We hold, therefore, that they do not come within the constitutional inhibition contained in section 23 of article 4, that “the legislative assembly shall not pass special or local laws * * * * for the purpose of laying, opening, and working on highways.” We think the objection to the sufficiency of the first and second clauses of the petition is well taken by the counsel for respondent. In neither of them is there any allegation that when payment was demanded on the twenty-seventh day of August, 1879, there was sufficient money in the treasury to pay said warrants and applicable to such payment. The third clause in the petition is not open to this objection, and a peremptory writ of mandamus ought to be allowed, commanding the respondent to pay the warrant for one thousand nine hundred and ninety-six dollars, unless he shall ask leave to file an answer and defend upon the merits.
It is ordered that the judgment be reversed, and this cause remanded to the court below for further proceedings. And it is further ordered that the costs of this proceeding be paid by the state.

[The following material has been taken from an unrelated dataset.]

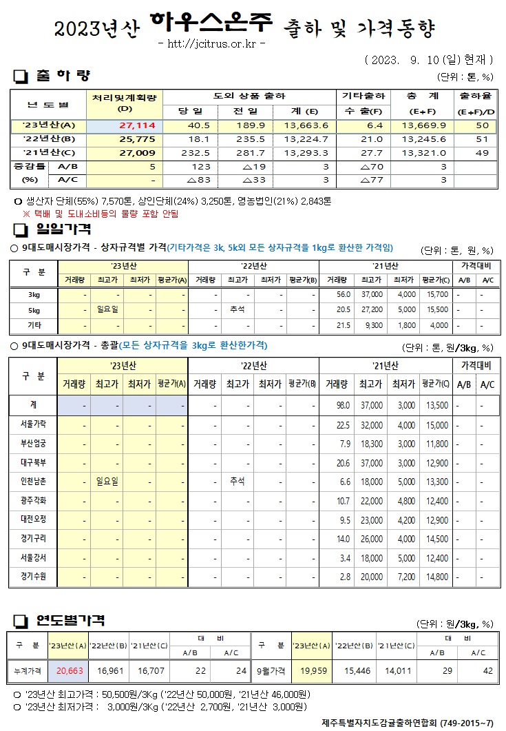 [하우스온주]2023년산 출하 및 가격동향(9/10)

Boise, J., dissents from this opinion, on the ground that the laws providing for these warrants are special laws within
*428the meaning of section 28, subdivision 7, article 4, of tbe constitution. Section 27 of said article does not abridge tbe force of section 28, for the reason that a special law may be also a public law, and the provisions of these different sections are not repugnant to each other. Smith on Construction defines a special law as distinguished from a general law. Of the latter he says: “It is one which provides for all things of a kind or genus; special provides for a species of the genus.” In this case a general law relating to highways should provide for all the highways of the state; a special law to a particular highway, as in this case.